Figure 5-7: 65nm Hybrid LDO test chip – DC Measurements – Load Regulation Plot @50mV dropout



Figure 5-8: 65nm Hybrid LDO test chip – DC Measurements – Line Regulation Plot @20mA ILOAD

The amplifier consumes a power of  $230\mu$ W and Figure 5-9 shows the PSRR performance of the LDO when the analog loop is enabled and disabled. The LDO with analog loop enabled achieves a total PSRR of -12.16dB at 100Hz frequency. This corresponds to an additional supply noise rejection of ~16.5dB at 100Hz frequency because of the analog loop integration.

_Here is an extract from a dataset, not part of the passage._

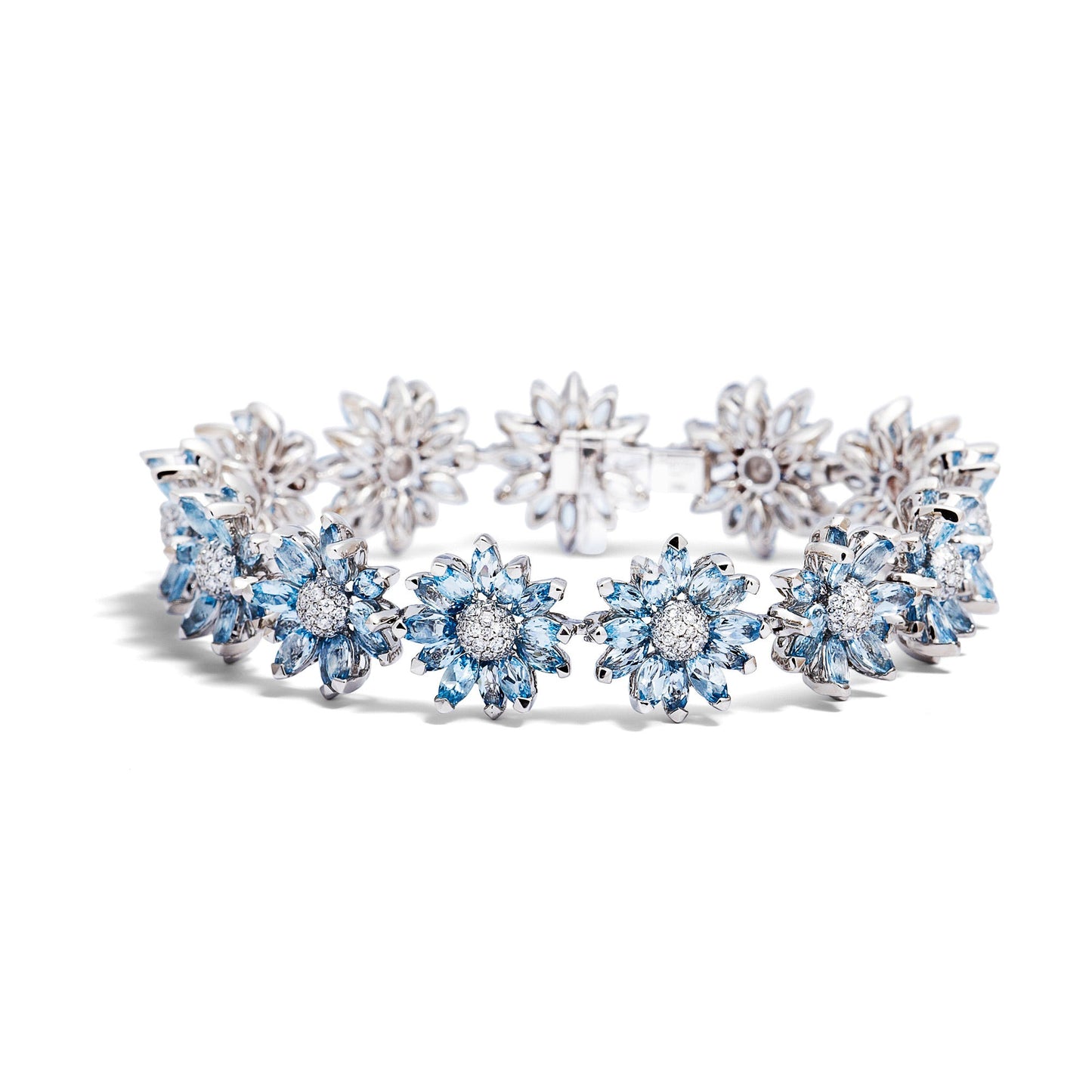 This exquisite bracelet, handcrafted in 18ct white gold by Asprey, features a row of daisy flowers delicately arranged to create a daisy chain. Each flower showcases marquise-cut aquamarine petals, emanating a serene blue hue. The centre of each flower glistens with brilliant-cut pavé diamonds, adding a touch of brilliance and sophistication. The meticulous craftsmanship is evident in the precision of the perfectly formed V-shaped claws, securely holding each aquamarine in place and positioned at alternating levels to maximize light reflection and create a dazzling sparkle. The flow of the design is seamlessly maintained by a concealed clasp, ensuring a continuous and elegant aesthetic.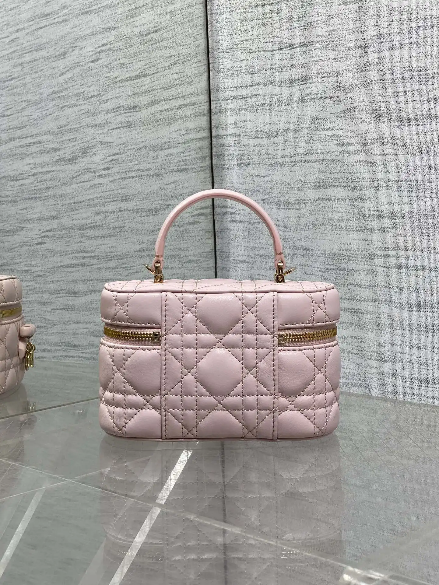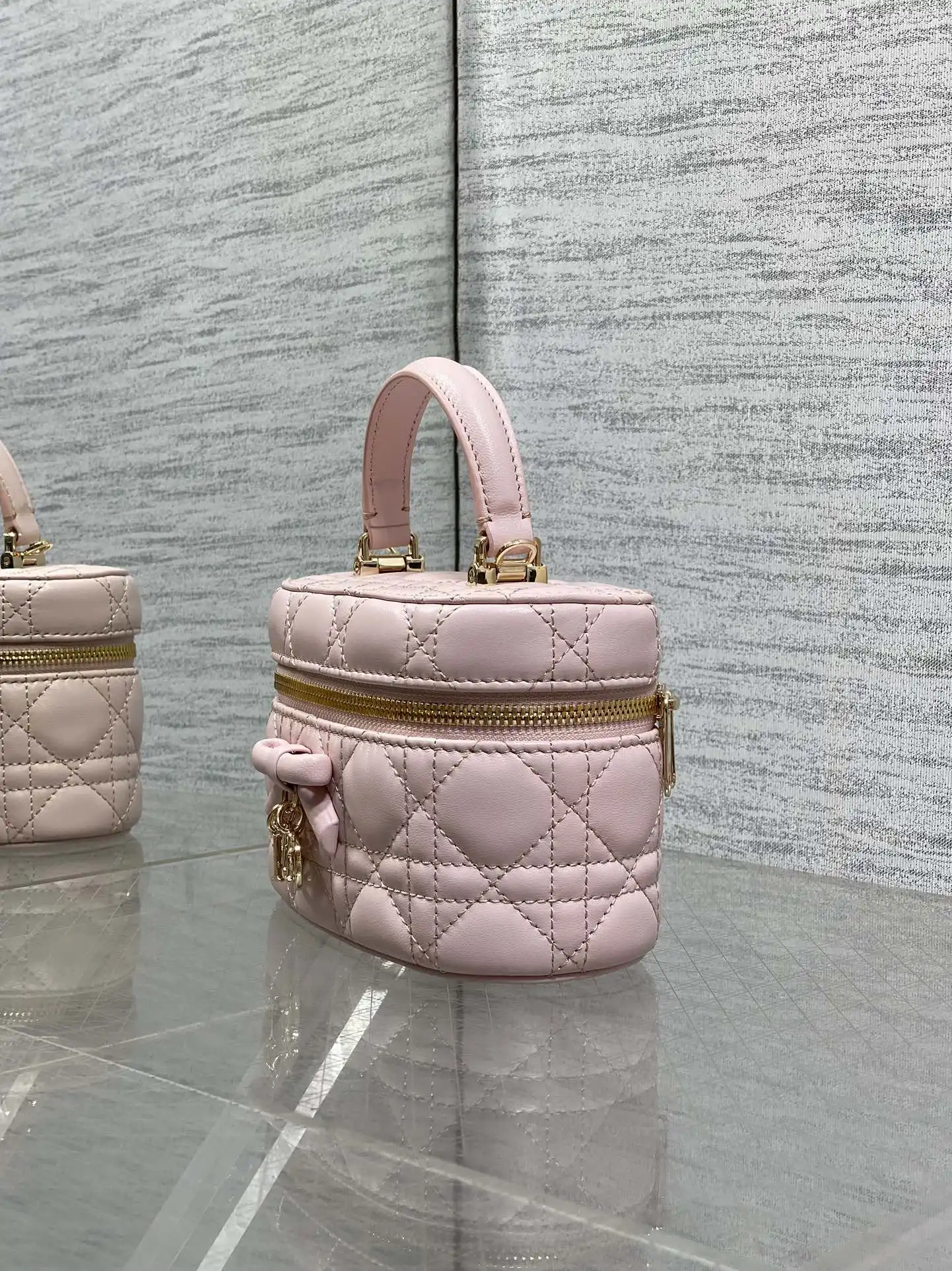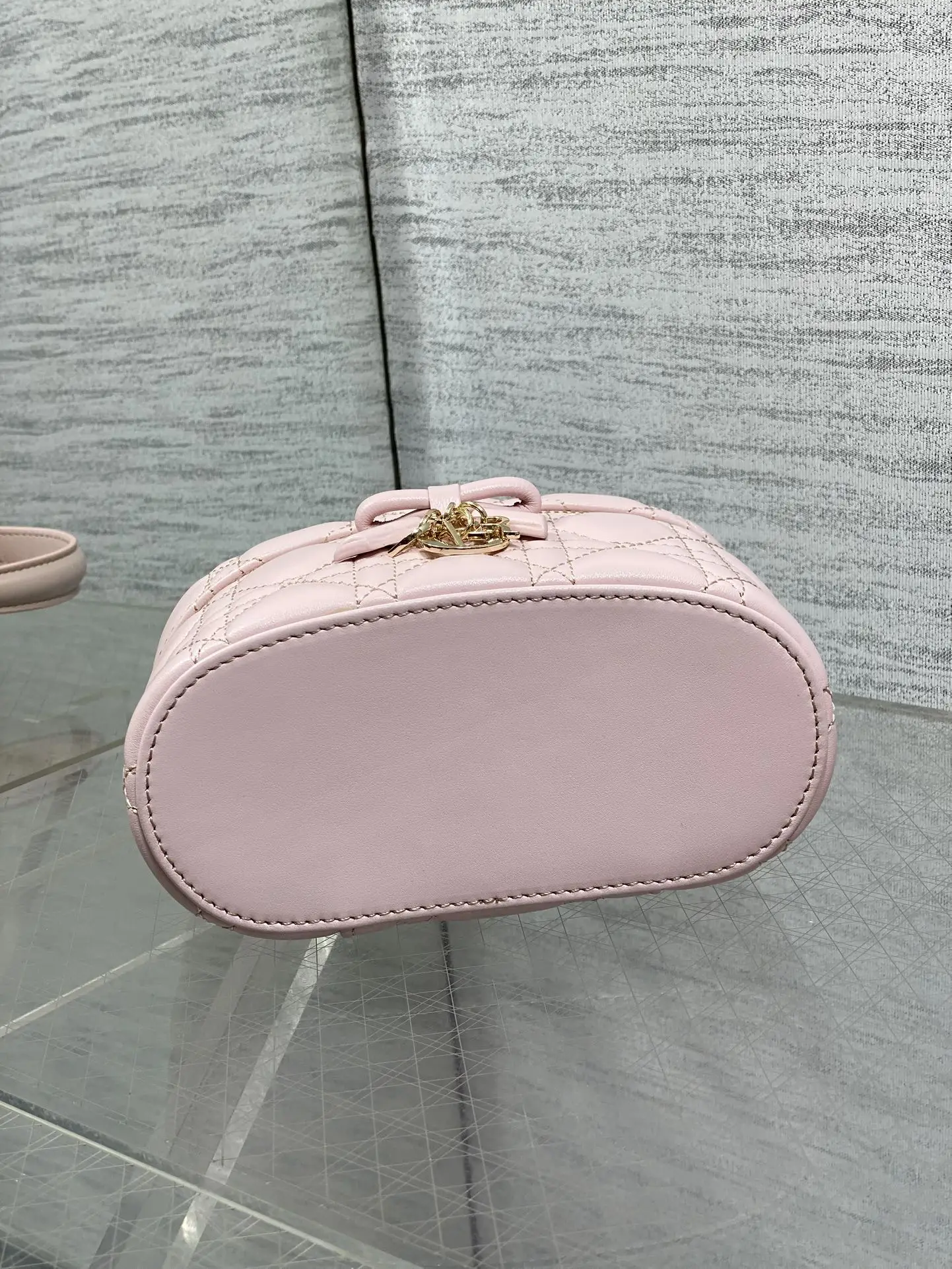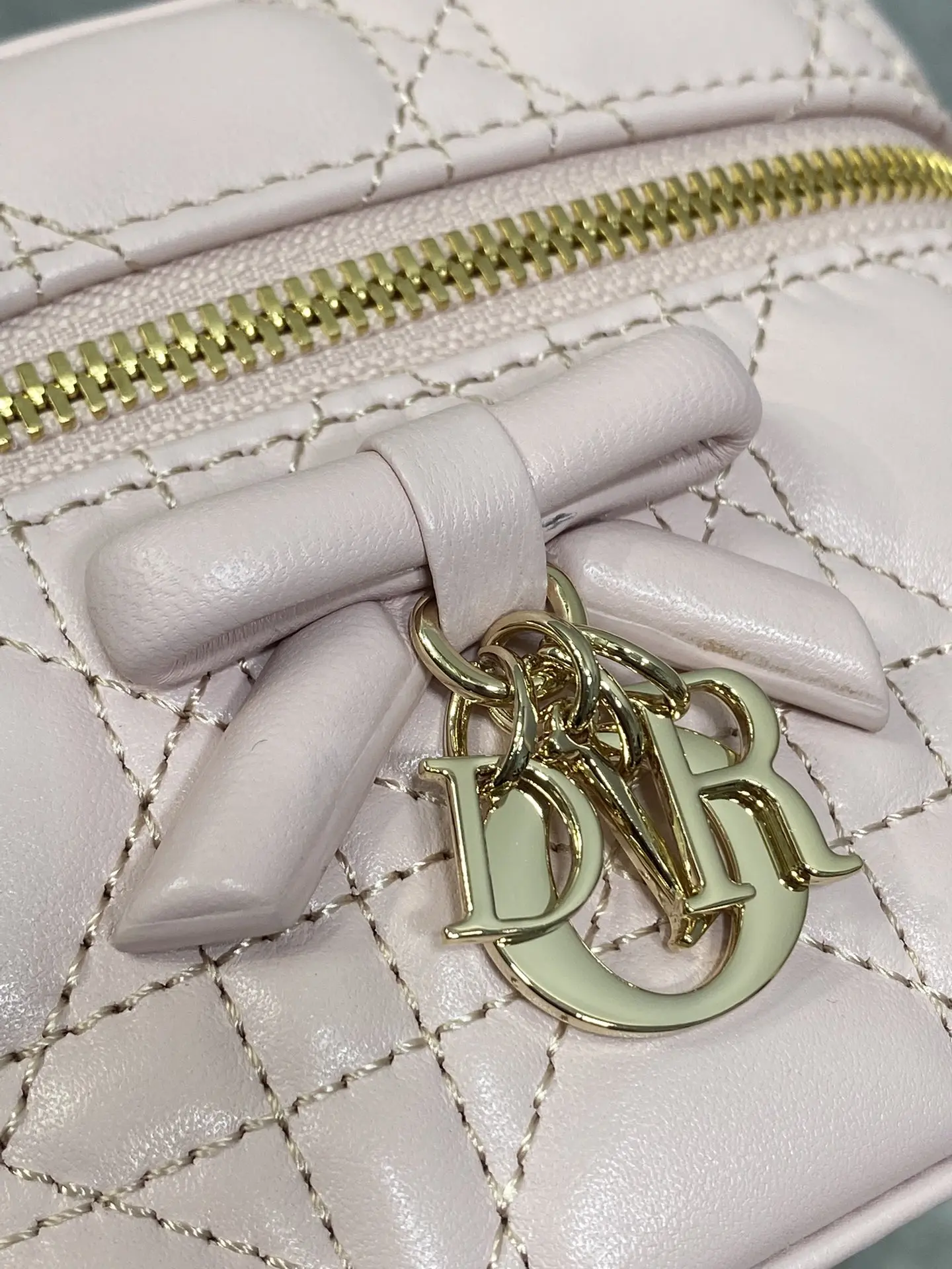 Dior蝴蝶结化妆包 经典菱格+蝴蝶结金属吊饰 优雅精致感拉满柔软的小羊皮轻便耐用 日常通勤 出街都超适合 手提+斜挎两用 灵活百搭 内部空间能装化妆品等小物实用又时髦 春夏搭配浅色系穿搭 轻松提升造型感 是功能与颜值兼具的时尚单品

Figure 5-9: 65nm Hybrid LDO test chip – DC Measurements – PSRR measurement

#### 5.3.4 Performance Comparison

Table 5-1 compares the measured data of the hybrid LDO with the synthesizable PID controller from section 3.3.1 and other state of the art LDO architectures. From the table, we can see that the hybrid LDO architecture with analog fine loop achieves better PSRR performance when compared to the fully-digital architecture. While [54] achieves the best PSRR of -25dB using NMOS switches operating in sub-threshold region, the maximum load current supported and the transient response of the controller are severely degraded. [56] also achieves a good PSRR performance, but looses the synthesizability due to the analog LDO architecture. In addition, the

output cap used by both [54], [56] are much high compared to the fully synthesizable PID controller architecture and the hybrid LDO architecture presented in this work. In addition, to the improvement in PSRR performance, the hybrid LDO also achieves the fastest response time when compared to other works.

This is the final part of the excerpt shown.